Perusahaan bisa berkembang menjadi korporasi (corporation), yaitu perusahaan yang mempunyai banyak unit kegiatan.
Unit-unit acara tersebut ialah suatu divisi yang relatif independen, tapi mungkin juga merupakan suatu potongan yang hanya sebagai pelaksana keputusan-keputusan kantor pusat.
Apapun tingkat kebebasan (degree of independence) dari unit-unit tersebut, perusahaan mungkin suatu ketika menghadapi kesulitan dalam mengendalikan unit-unit tersebut.
Masalah-masalah ini bisa menimbulkan korporasi melaksanakan restrukturisasi.
Demikian juga dalam operasinya perusahaan tidak selalu bisa berkembang dengan baik.
Kadang-kadang perusahaan terpaksa ‘memperkecil diri’ supaya bisa bertahan, atau bahkan terpaksa bahkan memubarkan diri sebab kerugian terus menerus yang diderita dan juga alasan keuangan.
Alasan pertama, perusahaan menanggung biaya operasi yang lebih dari penghasilan operasinya.
Kedua, perusahaan menghadapi kesulitan keuangan sebab beban keuangan tetap yang terlalu besar.
Bisa jadi, dari sisi operasional masih menghasilkan keuntungan operasi, tapi keuntungan operasi tersebut tidak bisa untuk memenuhi kewajiban finansialnya.
Perusahaan yang melaksanakan integrasi vertikal, terperinci melaksanakan restrukturisasi bisnisnya.
Dengan cara tersebut restrukturisasi perseroan terbatas (perusahaan) sanggup mengamankan sumber materi baku, dan atau distribusi hasil produksinya.
Restrukturisasi perusahaan ataupun restrukturisasi organisasi sanggup dilakukan dengan:
- melakukan penjualan unit-unit acara (sell off)

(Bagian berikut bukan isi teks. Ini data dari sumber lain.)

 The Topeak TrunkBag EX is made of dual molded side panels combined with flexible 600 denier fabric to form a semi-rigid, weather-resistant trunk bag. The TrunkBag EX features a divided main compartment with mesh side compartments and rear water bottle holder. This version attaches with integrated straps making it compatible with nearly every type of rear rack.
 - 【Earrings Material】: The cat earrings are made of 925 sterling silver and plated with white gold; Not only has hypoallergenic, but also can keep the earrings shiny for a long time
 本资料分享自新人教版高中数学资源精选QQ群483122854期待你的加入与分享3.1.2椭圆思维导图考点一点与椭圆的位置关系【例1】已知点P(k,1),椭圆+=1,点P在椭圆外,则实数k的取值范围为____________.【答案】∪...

- pemisahan unit-unit acara dan acara korporasi (spin-off)
A. Sell-off
Korporasi yang mempunyai unit acara yang sangat beraneka ragam, mungkin suatu ketika merasa bahwa di antara unit-unit tersebut ada yang tidak bekerja secara ekonomis.

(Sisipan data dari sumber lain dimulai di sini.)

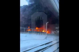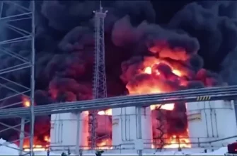 Кадры пожара нефтебазы в Клинцах после атаки украинского БПЛА
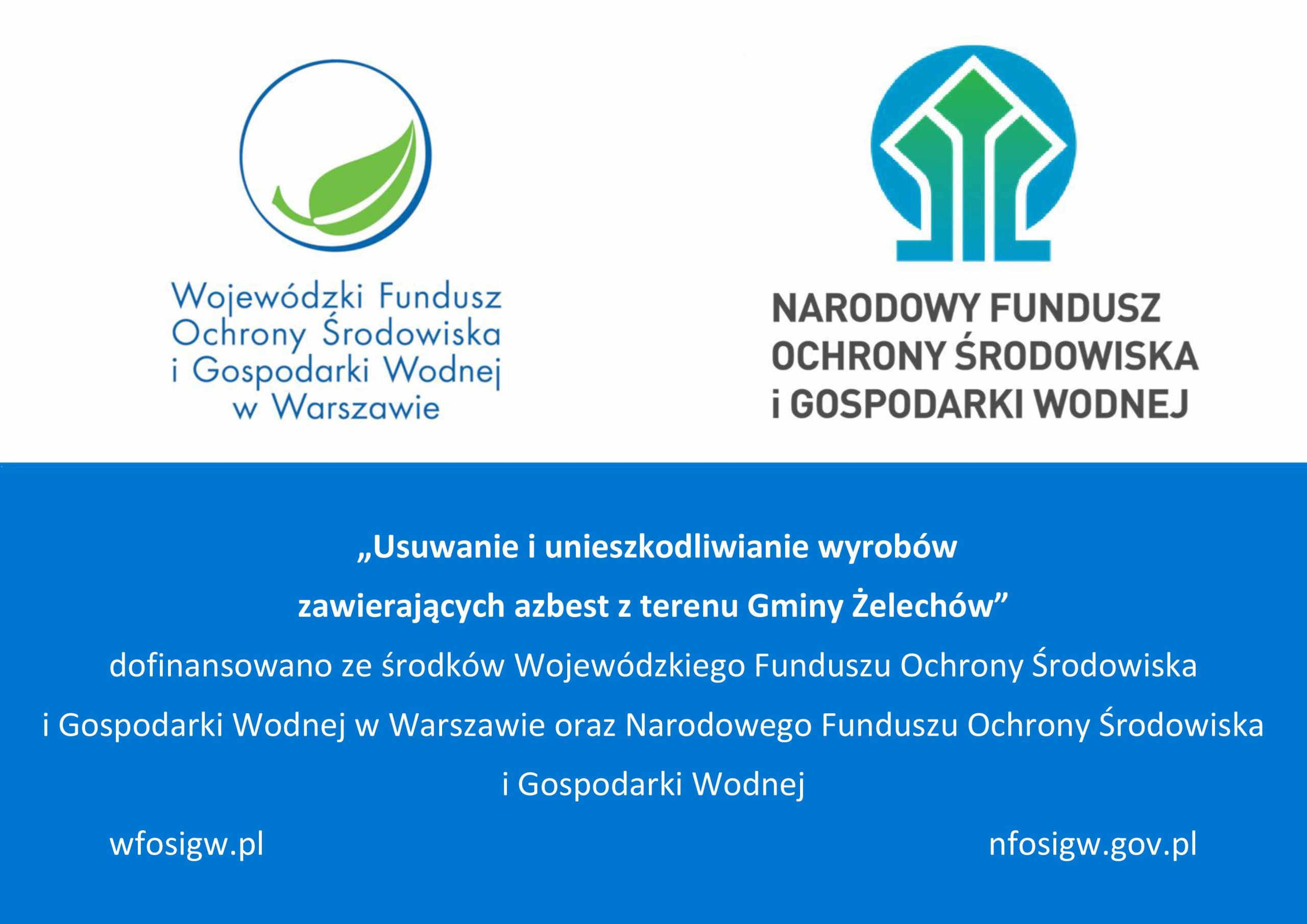 Zadanie pn. „Usuwanie wyrobów zawierających azbest z terenu Gminy Żelechów” zostało dofinansowane ze środków Wojewódzkiego Funduszu Ochrony Środowiska i Gospodarki Wodnej w Warszawie oraz Narodowego Funduszu Ochrony Środowiska i Gospodarki Wodnej.
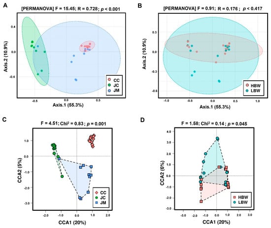 Principal coordinate analysis (PCoA) based on Bray–Curtis dissimilarity matrix on samples: (A) ordination of sampling places (JC, JM, and CC); (B) ordination of BW groups. Significance was examined with permutational multivariate analysis of variance (PERMANOVA) performed with 999 permutations. The differences were considered significant at a level of p < 0.05. (C) Canonical correspondence analysis (CCA) of gut microbiota clustering according to sample sites and (D) BW groups. Legend: JC—jejunum chymus in green; JM—jejunum mucosa in blue; CC—caecum chymus in red; LBW—low body weight; HBW—high body weight.

Penyebabnya sanggup beraneka ragam, salah satunya ialah tingkat kegiatannya terlalu rendah sehingga sulit mencapai economies of scale-nya.
Penyebab lainnya sebab bukan berada pada core bisnisnya, korporasi kemudian kurang memperhatikan unit tersebut.
Bila unit acara ini dirasa membebani korporasi, maka unti tersebut sanggup dijual baik secara tunai maupun pembayaran saham.
Contoh restrukturisasi:
Misalkan, PT MK Network beropini bahwa di antara unit produksi pengalengan ikannya di Sidoarjo ternyata tidak menguntungkan.
Suatu perusahaan yang mempunyai bisnis dalam budidaya ikan lele ternyata berminat membeli unit produksi tersebut.
Bila disepakati, maka unit acara tersebut sanggup dijual ke perusahaan budidaya ikan lele tersebut. Pembayaran sanggup dilakukan secara tunai atau ditukar dengan saham.
Bila cara terakhir ini yang dipergunakan, maka PT MK Network akan mempunyai saham perusahaan budidaya ikan lele tersebut.
B. Spin-off
Cara spin-off dilakukan bila unit acara tersebut kemudian dipisahkan dari korporasi dan bangkit sebagai suatu perusahaan yang terpisah.
Dengan demikian, perusahaan tersebut akan mempunyai direksi sendiri, dan independen dalam mengambil keputusan.
Kepemilikan perusahaan gres tersebut berada di tangan para pemilik (pemegang saham) korporasi, dan proporsi kepemilikan dilakukan secara pro-rata.
Misalnya, unit acara dari PT MK Network tersebut akan di spin-off.
Sebagai perusahaan gres yang terpisah dari PT MK Network, bekas unit perusahaan tersebut contohnya menerbitkan saham sebanyak 10 juta lembar.
Bila seorang pemegang saham PT MK Network mempunyai 10% saham PT MK Network, maka kini ia juga mempunyai 10% saham perusahaan gres tersebut atau sebanyak 1 juta lembar.
Perusahaan ini lebih dimaksudkan supaya unit acara tersebut akan sanggup mengambil keputusan yang lebih cepat, lebih efisien, dan ada yang secara khusus bertanggungjawab.
C. Going Private
Beberapa perusahaan beropini bahwa go public dinilai membebani perusahaan dan direksi.
Mereka beropini bahwa biaya untuk listing di suatu bursa dirasa terlalu berat. Keharusan memenuhi banyak sekali ketentuan dan peraturan tubuh pengawas pasar modal dirasa merepotkan dan memberatkan.
Direksi kemudian cenderung sangat memperhatikan kinerja keuangan triwulan depan, semester depan, atau tahun depan, supaya harga saham tidak turun.
Dengan demikian perhatian akan laba jangka panjang sebagai hasil riset dan pengembangan produk terabaikan.
Direksi tidak mempunyai kebebasan terhadap penggunaan keuntungan yang diperoleh, sebab tubuh pengawas pasar modal akan mengingatkan pembayaran dividen sesuai dengan kesepakatan dalam prospektus.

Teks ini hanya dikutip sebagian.